I brought veterinary records, licensing records, insurance records, photographs, videos of her separation anxiety, receipts, medical documentation, and years of caregiving history.

I brought evidence of attachment.

I brought evidence of belonging.

I brought evidence of love.

I brought evidence of need.

I brought Rosie's sitter, groomer, next door neighbors, and got written affidavits from our housekeeper and landscaper testifying to Rosie's bond with me--the human she imprinted on...

I even brought a letter from my psychologist stating Rosie was the equivalent of a service animal for my wellbeing. 

The court told me that none of it mattered.

Under the law at the time, Rosie could only be viewed as property.

The equivalent of a car.

That moment changed my life.

Because Rosie is not a car.
When you shoot at a police car or a K-9 which one tends to make the news? Which one are we likely to hold a memorial service for?

Rosie's a living, breathing, sentient being.
My companion animal.

Anyone who has ever loved a dog, cat, or horse already understands this.

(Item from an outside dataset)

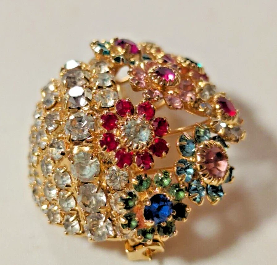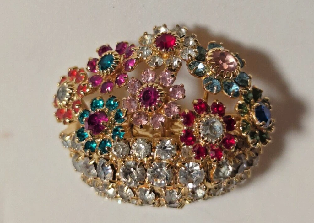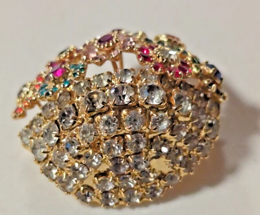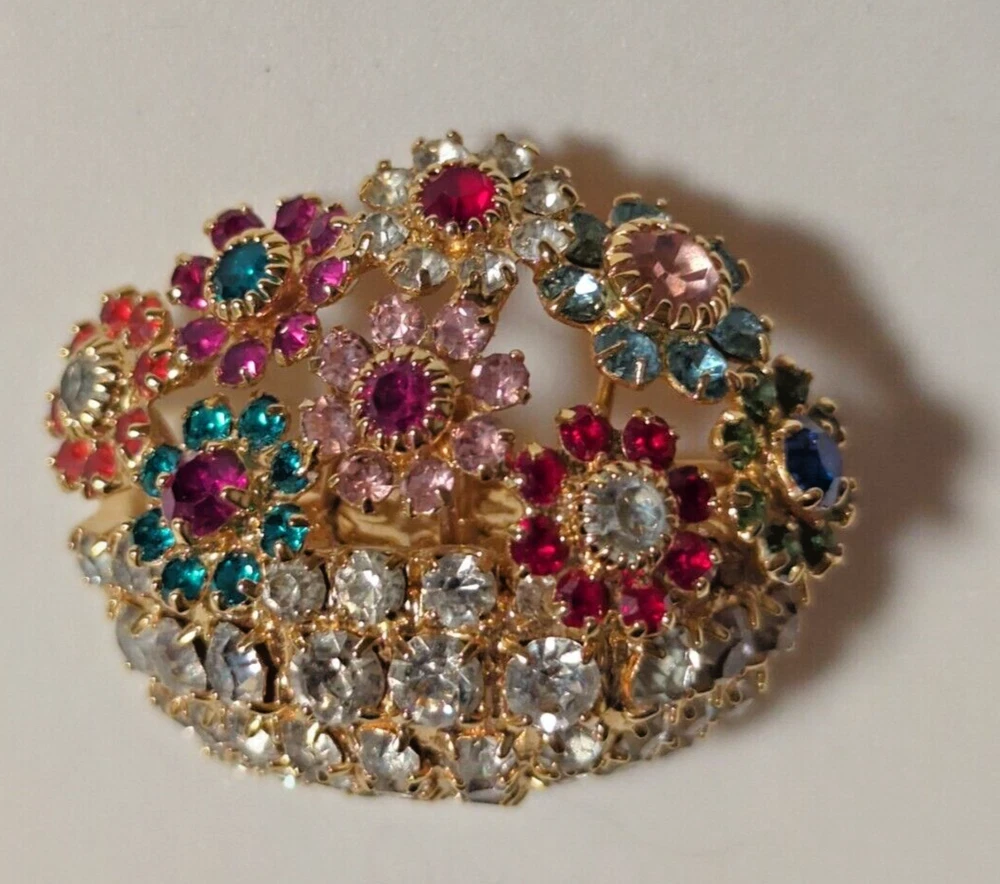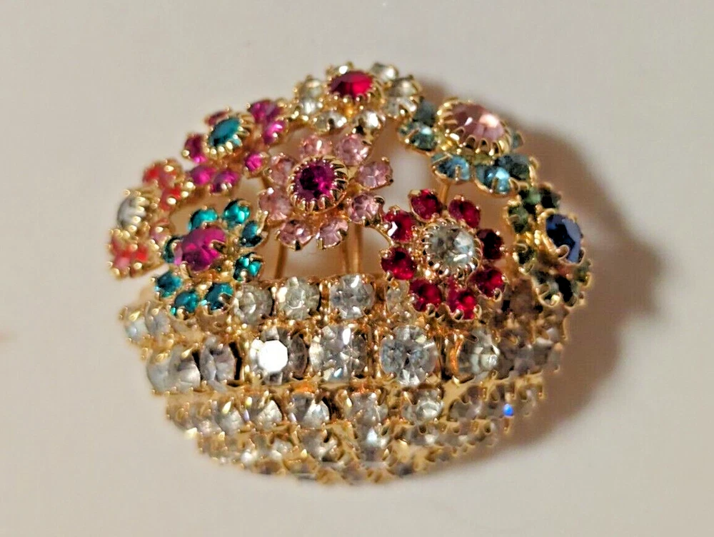 Bauer Flower Basket Pin/Brooch with Clear Rhinestones Basket Multi-Colored Flowers Prong Set Brooch by Dorothy Bauer. In good condition, Preowned and signed on the back. Display not included. **Please do not bid if your feedback is less than 10. ** I've had too many non-payments or receive notice from eBay about other issues. Before you purchase, please avoid anything that would warrant a transaction cancellation and make sure to put the correct shipping address at check out. I won't be able to change your address manually or ship to another address. LOOK AT ALL PHOTOS before bidding! Bid Responsibly. If you are unhappy when you receive the item, communicate with me before leaving negative feedback. The items are preowned or have come from an Estate even when NEW. That means someone never wore them and they have original tags. Please Note: I do not accept offers and do not end my auctions early for anyone. I do not clean any items; I leave that up to the new owner. PLEASE READ: Reminder when shipping first class, it will take longer to ship. The postal service is short staffed, and it takes longer to deliver the package. There is a tracking number. I have found that not all post offices will scan that number, so it may look like it's sitting in one place for a longer time. **If noted shipping USPS Priority mail, that is what I do ship on high priced items, due to cost of the item. **Please do not ask me to ship differently, I will not change shipping. I carefully place items in small box with padding place in a box then package in a priority box. Please email me with any questions

These domesticated animals form deep bonds with their humans. Research suggests that dogs have emotional and cognitive capacities comparable in some respects to those of a very young child. They can become deeply attached and show behaviors associated with sadness, jealousy, excitement, and frustration.
 
They grieve.

They miss people.

They love people.

They belong with people.

The deeper I researched the science of attachment, animal behavior, grief, and the human-animal bond, the more obvious the problem became.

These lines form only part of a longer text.